Sulfation activity towards hydroxamic acids and hydroxylamines was determined in liver cytosols for juvenile and adult males and female rats, as well as in purified rat liver aryl sulfotransferase IV preparations. Sulfation activity towards the hydroxamic acids N-hydroxy-2-acetylaminofluorene, N-hydroxy-2-acetylaminophenanthrene, N-hydroxy-4-acetylaminobiphenyl, N-hydroxy-4'-fluoro-4-acetylaminobiphenyl, N-hydroxy-2-acetylamino-5-phenylpyridine, was higher in cytosols derived from adult males (two or three times) than in those from adult females and juveniles (both sexes). N-Hydroxy-2-acetylamino-3-methyl-5-phenylpyridine (N-OH-2AAMPP), however, was poorly sulfated by any of the cytosols.
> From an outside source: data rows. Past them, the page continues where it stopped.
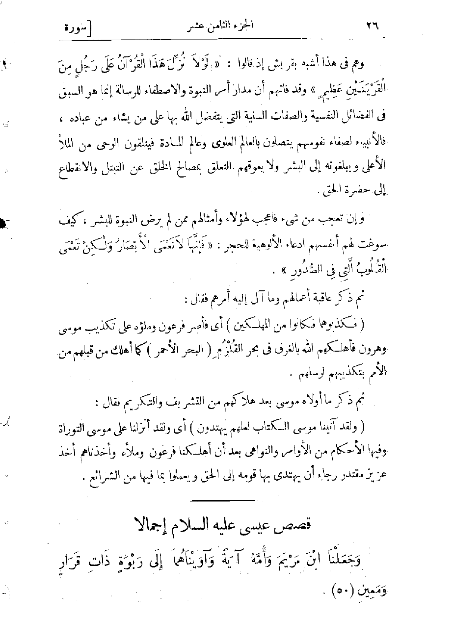 وهم فى هذا أشبه بقريش إذ قالوا: «لَوْلا نُزِّلَ هذَا الْقُرْآنُ عَلى رَجُلٍ مِنَ الْقَرْيَتَيْنِ عَظِيمٍ» وقد فاتهم أن مدار أمر النبوة والاصطفاء للرسالة إنما هو السبق فى الفضائل النفسية والصفات السنية التي يتفضل الله بها على من يشاء من عباده، فالأنبياء لصفاء نفوسهم يتصلون بالعالم العلوي وعالم المادة، فيتلقون الوحى من الملأ الأعلى ويبلغونه إلى البشر، ولا يعوقهم التعلق بمصالح الخلق، عن التبتل والانقطاع إلى حضرة الحق.
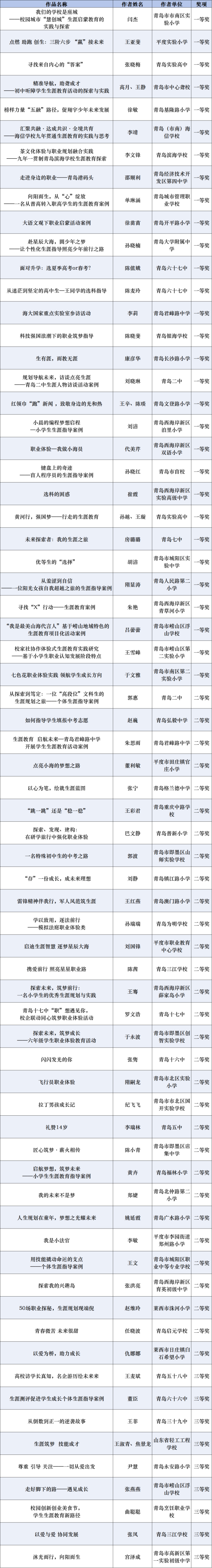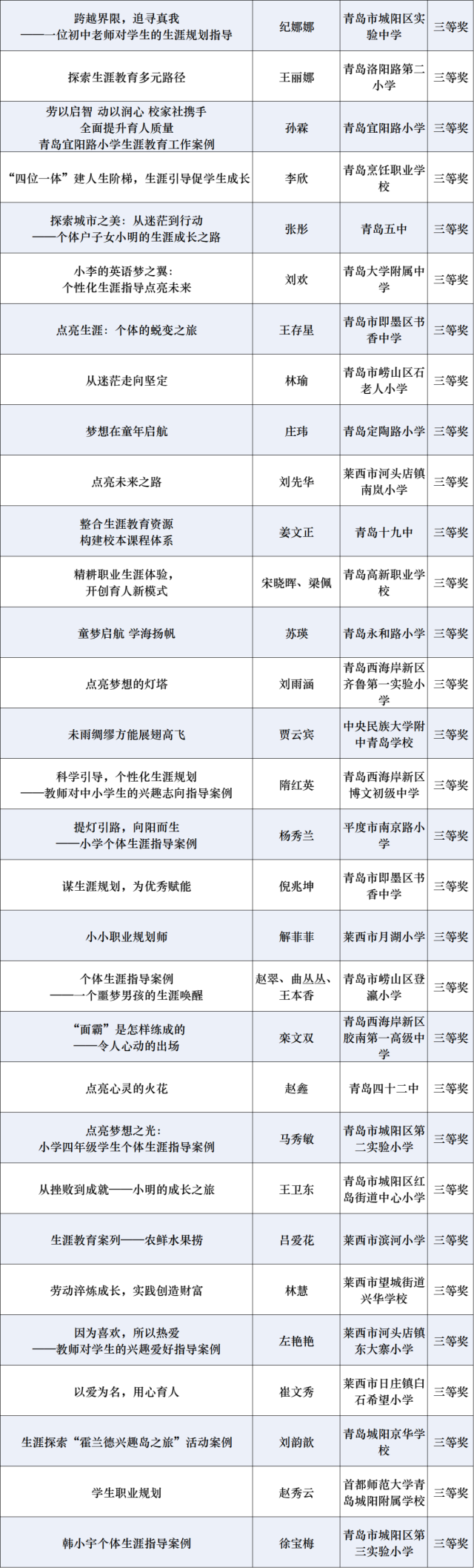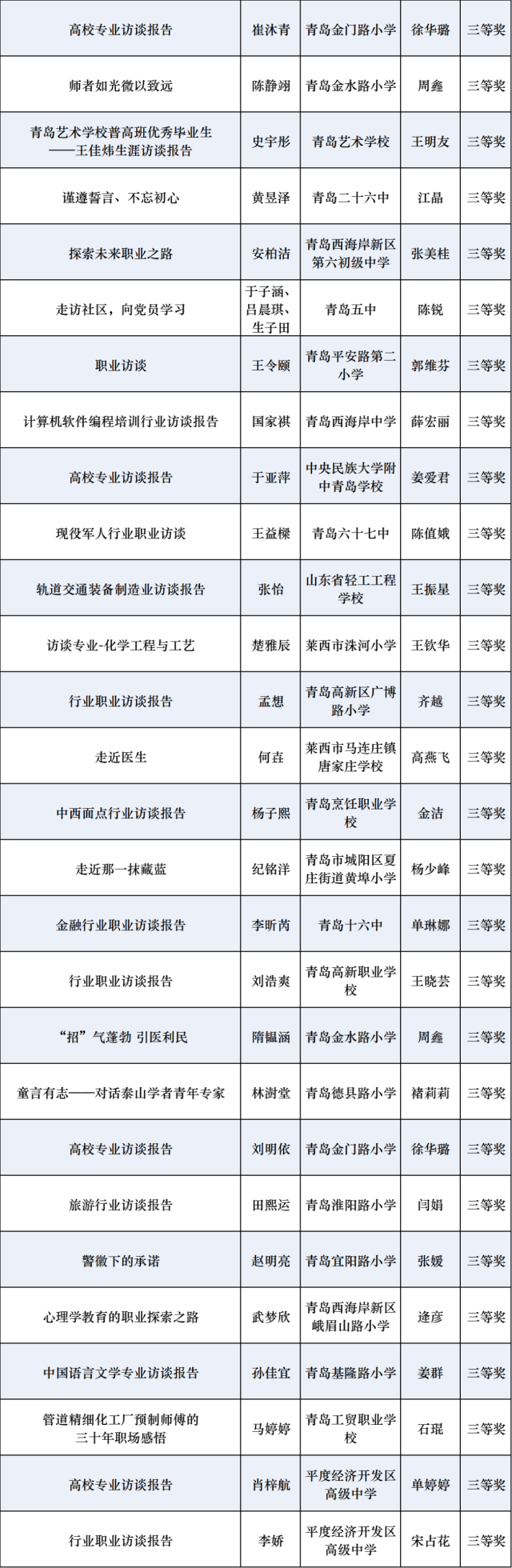 近日,青岛市教育局组织开展2024年青岛市中小学“优秀生涯案例、优秀生涯访谈报告、优秀生涯故事”征集评选活动,经过个人申报、学校(区市)推荐、专家评审等程序,最终评选优秀生涯案例、优秀生涯访谈报告、优秀生涯故事各100篇。
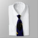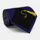 Navy blue graduation neck tie featuring classic black graduation cap and gold tassel pattern.
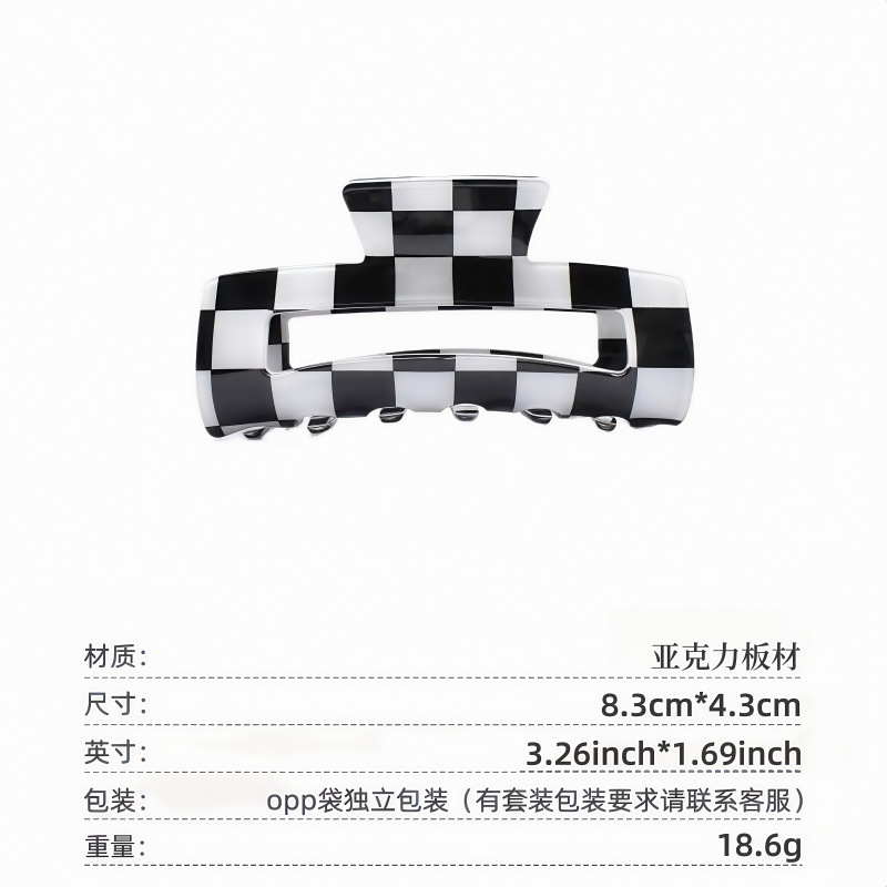 국경 간 Ins 우아한 게으른 스타일 프랑스 빈티지 아크릴 중형 체스보드 잡아 클립 헤어핀 간단한 페이테일 클립스토어 가기

Sulfation activity towards the hydroxylamines N-hydroxy-2-aminofluorene, N-hydroxy-2-aminophenanthrene, N-hydroxy-4-aminobiphenyl, N-hydroxy-4'-fluoro-4-aminobiphenyl was much lower. N-Hydroxy-2-amino-5-phenylpyridine (N-OH-2APP), however, was sulfated much better than the other hydroxylamines. No higher sulfation activity in adult male cytosols for hydroxylamines was found, except for N-OH-2APP and N-hydroxy-2-amino-3-methyl-5-phenylpyridine (N-OH-2AMPP). Purified aryl sulfotransferase IV (AST IV) converted all hydroxamic acids; N-OH-2AAMPP was a poor substrate. Of the hydroxylamines only N-OH-2APP and N-OH-2AMPP were conjugated. These results suggest that hydroxylamines and hydroxamic acids are converted by different sulfotransferases in the rat in vivo. They also indicate that AST IV may be the major enzyme responsible for sulfation of a variety of aromatic hydroxamic acids in the male rat liver. The results presented here are discussed in relation to the carcinogenic effects of some of these compounds.